= Clerk of the Supreme Court of the United States =

Chief administrator of the U.S. Supreme Court

The clerk of the Supreme Court of the United States is the officer of the Supreme Court of the United States responsible for overseeing filings with the court and maintaining its records. The current clerk is Scott S. Harris.

==History==
The first clerk was appointed on February 3, 1790, two days after the first session of the court itself. The position had been authorized by Congress on September 24, 1789, with the position's purpose being to "enter and record all the orders, decrees, judgments and proceedings of the said court."

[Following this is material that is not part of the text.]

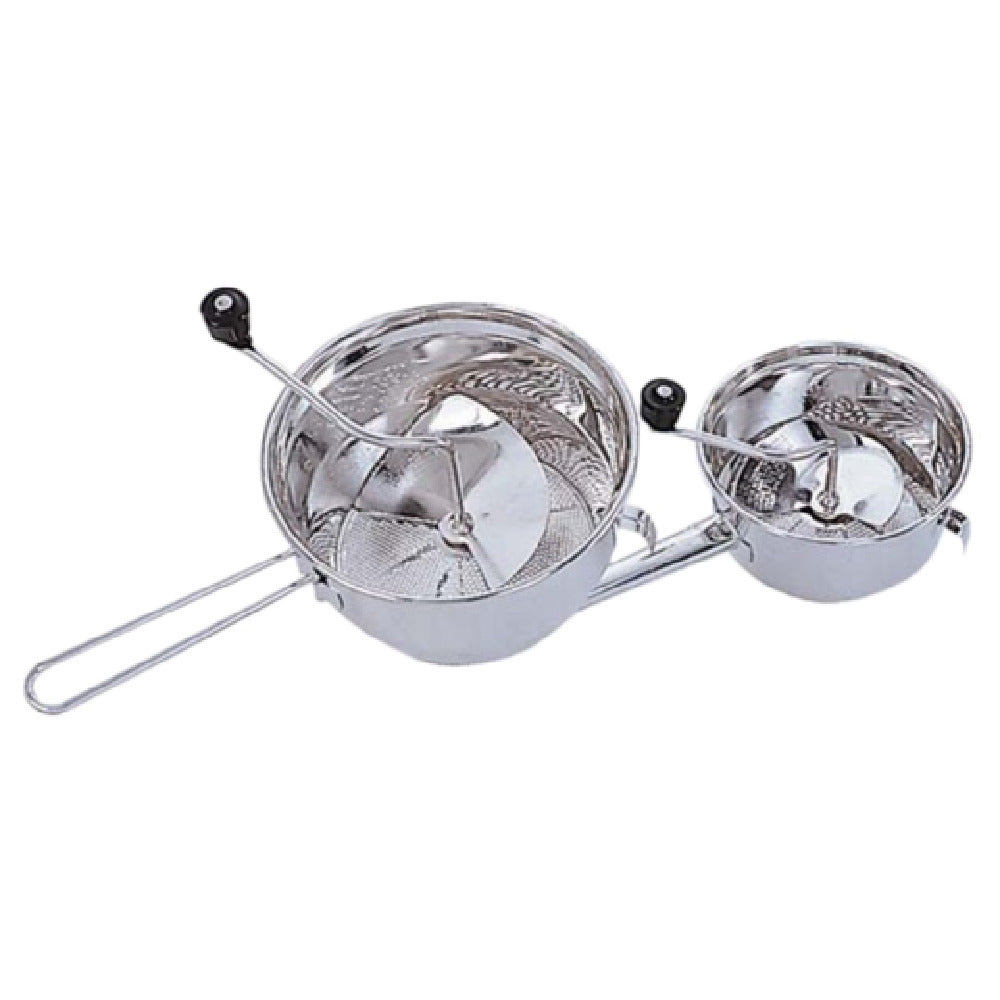 The Admiral Craft FM-20 Foley Food Mill 2 Qt. Manual is a versatile kitchen tool designed for a variety of food preparation tasks. With its 2-quart capacity, this manual food mill is ideal for mashing, straining, ricing, pureeing, and grating a wide range of ingredients. Crafted from durable stainless steel, it offers resilience and longevity, making it a reliable choice for both home cooks and professional chefs. The material also ensures that the food mill is dishwasher safe, facilitating easy cleaning and maintenance. This food mill serves as an essential tool for those in the culinary industry who prioritize efficiency and quality in food preparation. It caters to different market segments by providing a sturdy and efficient means to process food, whether for creating smooth purees, fine riced potatoes, or uniformly grated cheese. The manually operated design allows for precision control, enabling users to achieve the desired texture and consistency in their culinary creations. The Admiral Craft FM-20 Foley Food Mill is a practical addition to any kitchen, combining functionality with ease of use in a sleek, stainless steel package.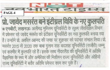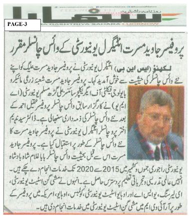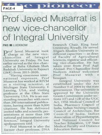 Prof. Javed Mussarat appointed as the New Vice Chancellor of Integral university

The Judicial Code (28 U.S.C. § 671) provides that the clerk is appointed, and may be removed, by order of the Supreme Court. The clerk's duties are prescribed by the statute and by Supreme Court Rule 1, and by the court's customs and practices.

The clerk of the Supreme Court is a court clerk. The role of the clerk and deputies or assistants should not be confused with the court's law clerks, who assist the justices by conducting research, making recommendations on which cases to hear, and preparing drafts of opinions.

The Clerk's Office is responsible for maintaining the dockets and records of the court. However, since approximately 1960, most of the court's non-current case files and other records have been placed in the custody of the National Archives and Records Administration.

The clerk is one of the court's four statutory officers. The others are the marshal, the librarian, and the reporter of decisions.

Traditionally unlike others, the clerk and deputies wear morning coats when performing their duties as the court is in session.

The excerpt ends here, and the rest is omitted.